• _EXERCISE BRIEF_: Please restate, exactly, only the lines from the beginning of the listing below through the line containing "- 4 κολοκυθάκια", with the pictures left out.

• _PROVIDED DATA_:
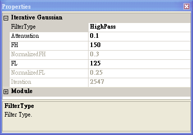 此 Iterative Gaussian Filter 的濾波形式 LowPass:低頻部分可通過,濾除高頻。 HighPass:低頻部分可通過,濾除高頻。 ByPass:無任何頻段訊號被濾除。 |
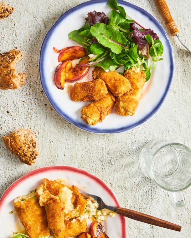 - 4 κολοκυθάκια μακρόστενα, κομμένα κατά μήκος σε μακριές, λεπτές φέτες, πάχους 2 χλστ.
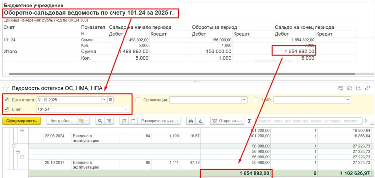 На этой неделе продолжим проверку основных средств. 5#. Сформируйте оборотно-сальдовую ведомость по счетам 101 и 104. Сравните суммы с данными из отчета «Ведомость остатков ОС, НМА, НПА»: балансовая стоимость и амортизация. ❗️Они должны быть одинаковы для ОС!!! Проверьте в своих базах. Есть у вас расхождение? 👍 если у вас все пошло #проверкаБГУ
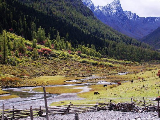 正如居住在这里藏羌民族的豁达坚韧、豪放不羁性格,玛嘉沟以雄壮、大气、和奇特的景色著称,同时又不失秀美、幽静的内涵。在海拔高达3200米的玛嘉沟景区,有着峡谷阶地、草甸、森林、飞瀑、溪流、高山湖泊、湿地、雪峰、极地冰川等丰富多彩的自然风貌。穿行其中,随时都可以见到国家一二级保护动物扭角羊,盘羊,黑熊,贝母鸡,血鸡,在这个人与自然和谐相处的世外桃源,它们在这片宁静的土地上自由地繁衍生息。

• _EXPECTED ANSWER_:
 此 Iterative Gaussian Filter 的濾波形式 LowPass:低頻部分可通過,濾除高頻。 HighPass:低頻部分可通過,濾除高頻。 ByPass:無任何頻段訊號被濾除。 |
 - 4 κολοκυθάκια μακρόστενα, κομμένα κατά μήκος σε μακριές, λεπτές φέτες, πάχους 2 χλστ.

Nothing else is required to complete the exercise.